------ Dataset extract

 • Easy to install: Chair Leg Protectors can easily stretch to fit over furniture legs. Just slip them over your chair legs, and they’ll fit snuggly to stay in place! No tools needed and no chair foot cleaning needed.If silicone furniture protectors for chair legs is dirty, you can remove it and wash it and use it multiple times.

------------
------ Dataset extract

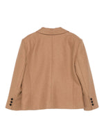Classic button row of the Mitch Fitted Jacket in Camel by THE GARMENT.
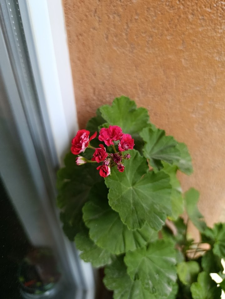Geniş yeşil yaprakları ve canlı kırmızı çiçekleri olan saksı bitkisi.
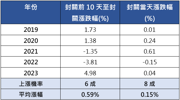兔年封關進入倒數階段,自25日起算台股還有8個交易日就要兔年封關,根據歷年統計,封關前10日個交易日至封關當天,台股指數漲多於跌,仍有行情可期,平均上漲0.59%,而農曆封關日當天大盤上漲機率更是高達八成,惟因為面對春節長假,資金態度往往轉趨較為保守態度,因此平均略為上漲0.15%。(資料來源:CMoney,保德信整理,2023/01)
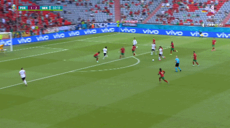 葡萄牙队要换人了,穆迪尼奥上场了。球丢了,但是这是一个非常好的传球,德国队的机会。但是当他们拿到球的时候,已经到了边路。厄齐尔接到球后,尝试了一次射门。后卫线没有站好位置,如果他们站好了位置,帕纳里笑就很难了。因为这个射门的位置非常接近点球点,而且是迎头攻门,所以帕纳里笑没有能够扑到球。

------------
------ Dataset extract

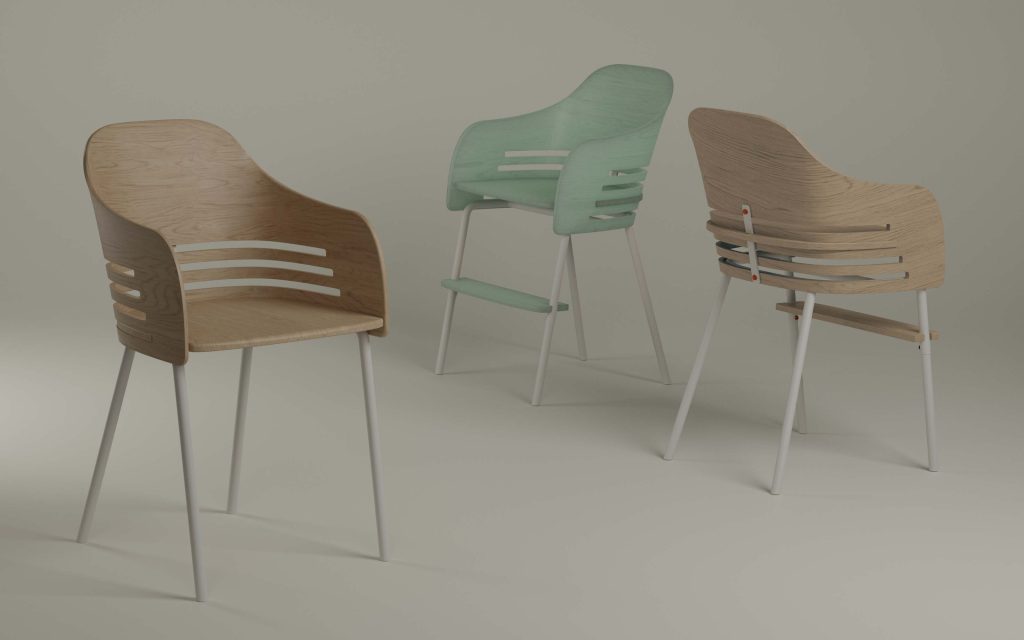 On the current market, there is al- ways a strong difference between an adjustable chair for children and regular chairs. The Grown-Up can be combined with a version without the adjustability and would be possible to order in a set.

------------

Exercise aim
The stretch above running from the line with "Geniş yeşil yaprakları" through the line with "葡萄牙队要换人了,穆迪尼奥上" is all you should copy, exactly, leaving out the pictures.

Exercise solution
Geniş yeşil yaprakları ve canlı kırmızı çiçekleri olan saksı bitkisi.
兔年封關進入倒數階段,自25日起算台股還有8個交易日就要兔年封關,根據歷年統計,封關前10日個交易日至封關當天,台股指數漲多於跌,仍有行情可期,平均上漲0.59%,而農曆封關日當天大盤上漲機率更是高達八成,惟因為面對春節長假,資金態度往往轉趨較為保守態度,因此平均略為上漲0.15%。(資料來源:CMoney,保德信整理,2023/01)
 葡萄牙队要换人了,穆迪尼奥上场了。球丢了,但是这是一个非常好的传球,德国队的机会。但是当他们拿到球的时候,已经到了边路。厄齐尔接到球后,尝试了一次射门。后卫线没有站好位置,如果他们站好了位置,帕纳里笑就很难了。因为这个射门的位置非常接近点球点,而且是迎头攻门,所以帕纳里笑没有能够扑到球。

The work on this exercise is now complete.